The capacity to give one's attention to a sufferer is a very rare and difficult thing; it is almost a miracle; it is a miracle.
-Simone Weil

I walked numbly down the steps of the funeral home, squinting as I reached the bright afternoon sun. People moved all around me, pushing strollers, walking dogs, searching pockets for car keys, talking on cell phones, looking into store windows, laughing. They were completely oblivious.

My mother and I had just spent the past hour at the mortuary, making arrangements for my father’s remains. The funeral director had worked steadily though his list: What should be in the obituary? Should the paper run the listing for two days or three? Here are several forms we need to complete. Could you please sign here? And here? Would you like to pick up the ashes or should we deliver them to the church? Do you want the clothes he was wearing? Because he was a veteran, he is eligible for a flag. We are so sorry for your loss! Will you be paying with a check or credit card?

Many memories remain from that afternoon. Most of all, as I left the funeral home, I wondered how all of these people could be going about their business as though nothing had happened. Doesn’t everyone feel this numbness – this incredible weight – just as I do? How can they be rushing about at such a time?

There is value, writers tell us, in these intense, shared experiences. Eventually, each of us is temporarily overwhelmed, however briefly, by personal or shared loss. Like most people, I slowly returned to “normal,” shaking loose the shroud that had pressed down on me. Occasionally, the sensation revisits me, stopping me in my tracks for just a moment.

Not long ago, I was walking down the hallway on one of our hospital inpatient units when I felt the old twinge.

Behind some of these doors, I realized, there are people having cataclysmic experiences. It is possible that the man in this room has been given terrible news. A woman in that room might suddenly have realized that her husband is never coming home. Just down the hall, a young family could be coming to terms with a series of difficult and life-altering treatments. Next to the nursing station, a young child is being led to a bedside, perhaps to say goodbye.

At the same moment, out in the hallway, I am having a trivial conversation with a colleague, smiling as I hear laughter around the corner. I plan out the rest of my day, trying to save enough time to grab lunch and complete my operative notes before I head to clinic. Later, I will head home after I have finally checked everything off my list.

On this day, I am one of the oblivious ones.


   The following is feedback received for this blog:

This post reminded me of when I lost my father just two years ago.
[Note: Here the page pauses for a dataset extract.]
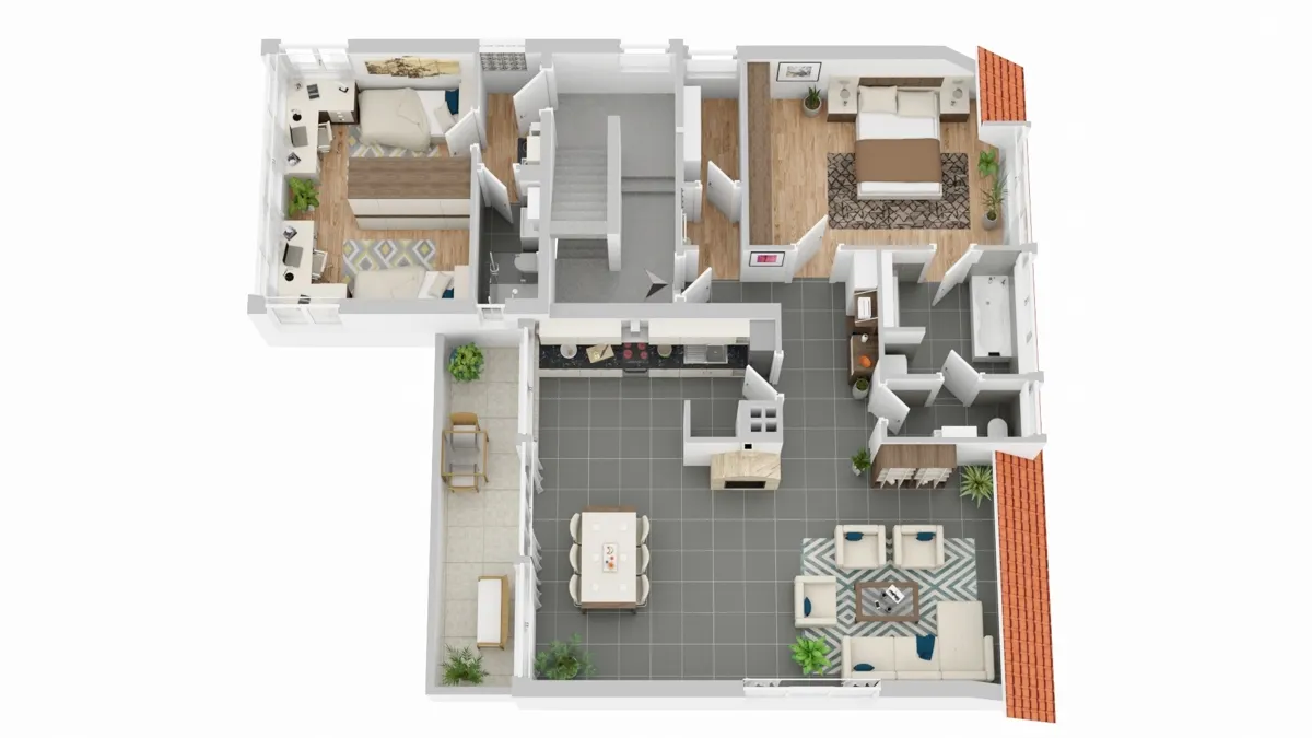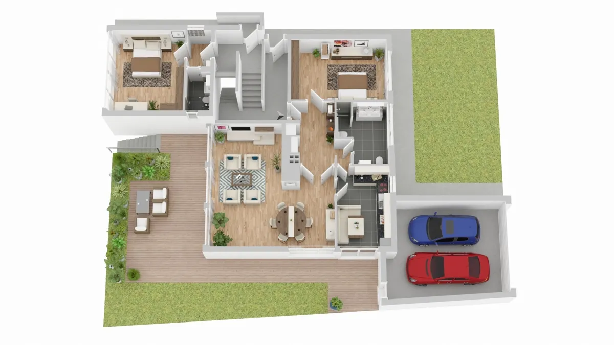 Die zwei zusätzlichen Appartements mit Gartenblick bieten Flexibilität für Gäste, erwachsene Kinder oder Pflegepersonal. Auch die Möglichkeit, im Erdgeschoss Arbeitsbereiche wie Praxen oder Büros zu integrieren, ist gegeben. Jeder Wohnbereich ist individuell zugänglich, was Privatsphäre und Unabhängigkeit gewährleistet.

It seemed the whole world was asleep as we left the ICU at St. Luke's in Milwaukee at about 3:20 a.m. Only a couple of stoic nurses were stationed at computers and everything was dark, with the exception of blinking lights and monitors. Heads down, we were a sobbing mass of humanity making our way through the abandoned hallways. When we emerged outside after so many hours at vigil with him, it seemed the rest of the world was completely oblivious to our loss. (Call the funeral home, contact a priest, do this, do that.)

My father was a very sensitive guy. I recall him admonishing us kids when we visited him in the hospital many years ago, for making way too much noise. "Quiet," he said. "The people in the next room just got some bad news." We all experience the highs and lows of life, but a little empathy goes a long way.

- Steve B.


Fabulous post. Thank you. I'm so sorry for your loss. My grandmother slipped away in February. When I got that phone call to tell me, I simply said thank you. I asked when they wanted me to clear her room. They said there was no rush. I called my husband. I told my children their Great-Nan had gone. I called my father in South Africa (I'm in UK) to tell him. I called my other grandmother and several other family members.I called her lawyer who held her Power of Attorney. He told me to clear the room the next day! I remember looking back and thinking I worked through a process, step-by-step. You see, for me, the death had been coming on for 10 years as slowly as the Alzheimer's had been consuming her. I'd had to say goodbye to her 5 years earlier when she forgot who I was. In the remaining 5 years, she basically fell apart ending up bed-ridden and a mess. So when I did get the call, I was so relieved that she'd finally been released from all that misery and anguish. But then the processes begin. There's a certain groove you slot into to deal with phone calls, funeral directors, ministers, catering arrangements, florists, etc. etc. And once the whole shabang is over, then you realise that you did all that in a kind of haze. And gradually the numbness wears off and life resumes. It's a very strange experience.

- Jabulani


Beautiful post. I could complete relate when you said: Most of all, as I left the funeral home, I wondered how all of these people could be going about their business as though nothing had happened. Doesn't everyone feel this numbness - this incredible weight - just as I do? How can they be rushing about at such a time? I felt the same way at the loss of a loved one a few years ago. I always think I'm the only one thinking or feeling a certain way and it's nice to see that I'm not alone. Thank you for sharing!

- Jen


I am sorry about the loss of your Dad. I know you are a man of faith and so have the hope/expectation of seeing him again... but it hurts on this side because we miss them.

My mother died back in April and I am still in disbelief sometimes... even though elderly and declining in health.

You said you feel the sensation of losing him and I think of it as it comes in waves.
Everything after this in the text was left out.